INFORMATION GIVEN:
####################

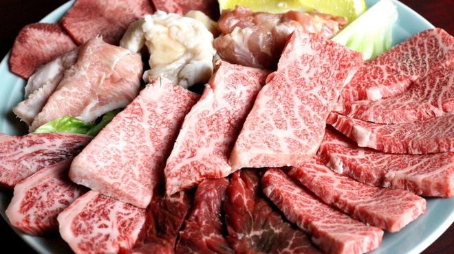 特選和牛三種盛皿は希少なザブトン、いちぼ、トモサンを一度に味わえる。それぞれ牛1頭から取れる部分が少ないので目にすることも稀だ。200gの盛り合わせで、2-3人で食べるのがちょうどいい。ほかにもホルモンや鶏、豚肉、海鮮焼き、野菜焼きなどメニューが幅広い。コースは3500円から6500円の3種類が選べる。落ち着いた雰囲気の店内。個室もあるので子供連れの方も安心だ。
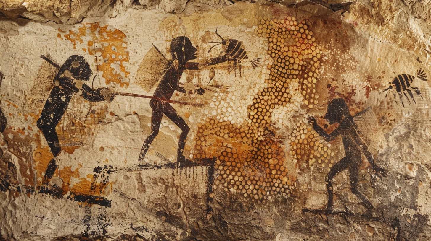 (în imagine este o pictură de pe pereții unei peșteri din Spania care reprezintă culegerea mierii, acum cca. 8000 ani)
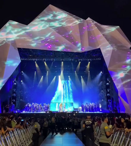 Para essa performance especial, Grazzi em parceria com a artista Ani Haze pelo Studio Nava, atuou na viabilização técnica e visual do video mapping, da fachada do palco. Foram utilizados 5 projetores de alta potência para cobrir a estrutura externa e mais 2 projetores dedicados à cenografia interna em tecido, criando camadas visuais que dialogavam com o espetáculo, a narrativa da artista e a dimensão simbólica do momento.
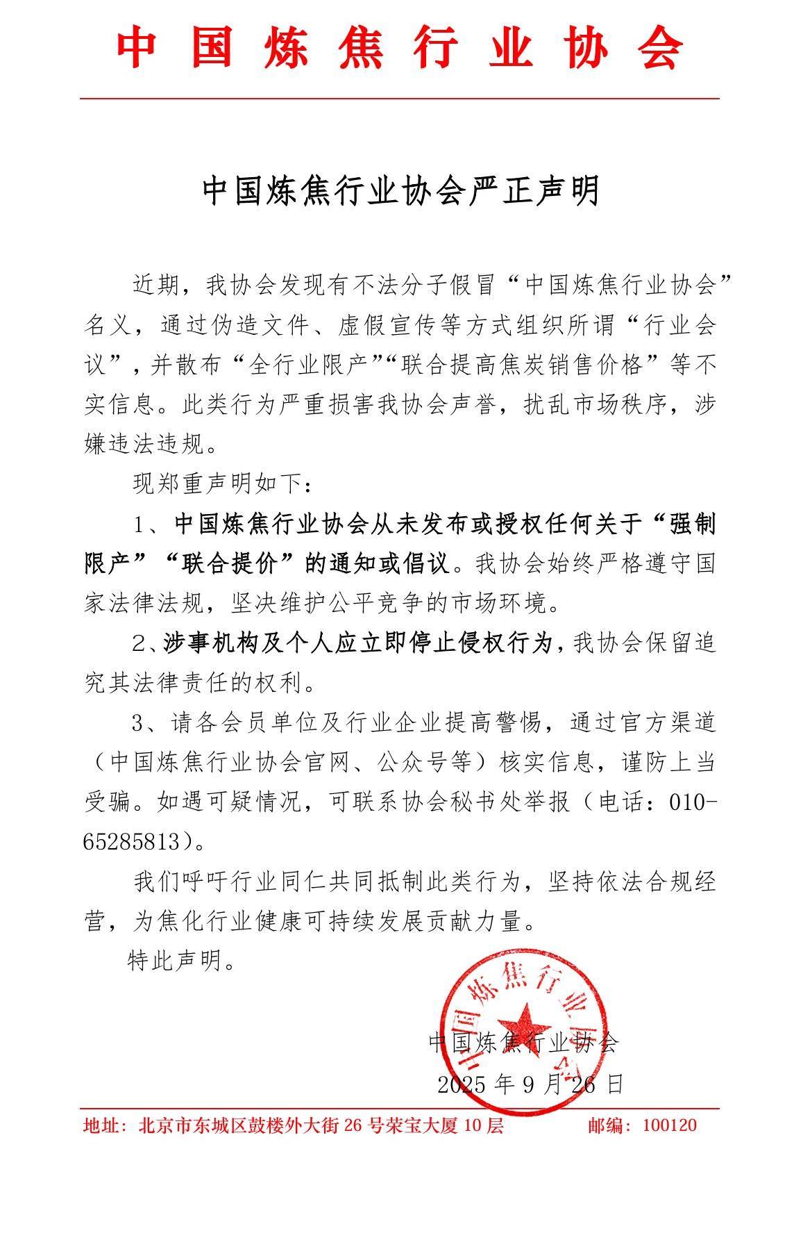 中国炼焦行业协会声明称:1、中国炼焦行业协会从未发布或授权任何关于“强制限产”“联合提价”的通知或倡议。我协会始终严格遵守国家法律法规,坚决维护公平竞争的市场环境。2、涉事机构及个人应立即停止侵权行为,我协会保留追究其法律责任的权利。
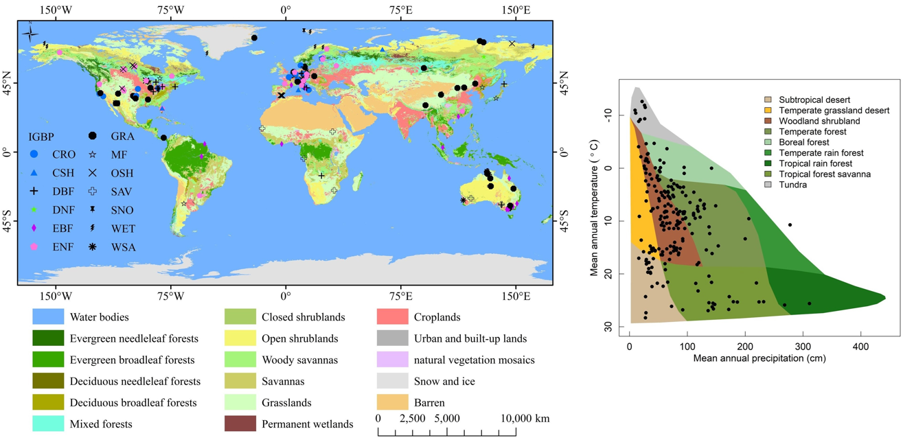 图2 研究使用的120个FLUXNET站点的空间分布及其在Whittaker气候生物群落空间中的位置
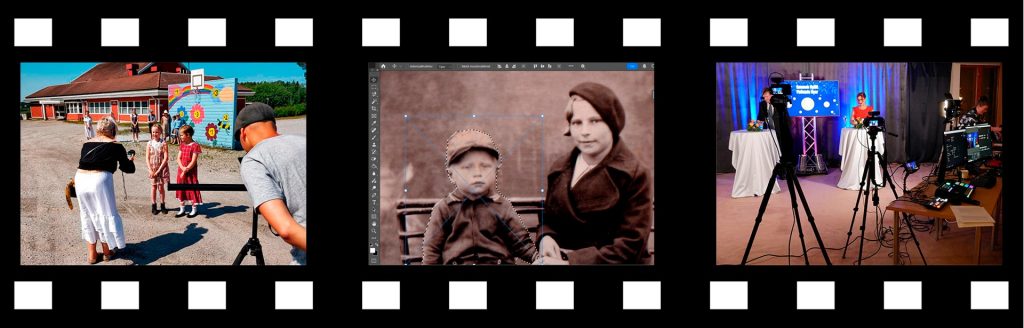 Kuvaukset, ilmakuvaukset ja äänitykset toteutetaan huolellisesti ja laadukkaasti – kuvauskohteiden ja tuotantotarkoitusten mukaisesti.Inspelningar, flygfilmningar och ljudupptagningar genomförs noggrant och professionellt – anpassat till motiv och produktionens syfte.Filming, aerial shots, and audio recordings are carried out carefully and professionally – according to the subject and production purpose.

####################

EXERCISE GOAL:
Copy the entries exactly. No pictures.

ANSWER:
 特選和牛三種盛皿は希少なザブトン、いちぼ、トモサンを一度に味わえる。それぞれ牛1頭から取れる部分が少ないので目にすることも稀だ。200gの盛り合わせで、2-3人で食べるのがちょうどいい。ほかにもホルモンや鶏、豚肉、海鮮焼き、野菜焼きなどメニューが幅広い。コースは3500円から6500円の3種類が選べる。落ち着いた雰囲気の店内。個室もあるので子供連れの方も安心だ。
 (în imagine este o pictură de pe pereții unei peșteri din Spania care reprezintă culegerea mierii, acum cca. 8000 ani)
 Para essa performance especial, Grazzi em parceria com a artista Ani Haze pelo Studio Nava, atuou na viabilização técnica e visual do video mapping, da fachada do palco. Foram utilizados 5 projetores de alta potência para cobrir a estrutura externa e mais 2 projetores dedicados à cenografia interna em tecido, criando camadas visuais que dialogavam com o espetáculo, a narrativa da artista e a dimensão simbólica do momento.
 中国炼焦行业协会声明称:1、中国炼焦行业协会从未发布或授权任何关于“强制限产”“联合提价”的通知或倡议。我协会始终严格遵守国家法律法规,坚决维护公平竞争的市场环境。2、涉事机构及个人应立即停止侵权行为,我协会保留追究其法律责任的权利。
 图2 研究使用的120个FLUXNET站点的空间分布及其在Whittaker气候生物群落空间中的位置
 Kuvaukset, ilmakuvaukset ja äänitykset toteutetaan huolellisesti ja laadukkaasti – kuvauskohteiden ja tuotantotarkoitusten mukaisesti.Inspelningar, flygfilmningar och ljudupptagningar genomförs noggrant och professionellt – anpassat till motiv och produktionens syfte.Filming, aerial shots, and audio recordings are carried out carefully and professionally – according to the subject and production purpose.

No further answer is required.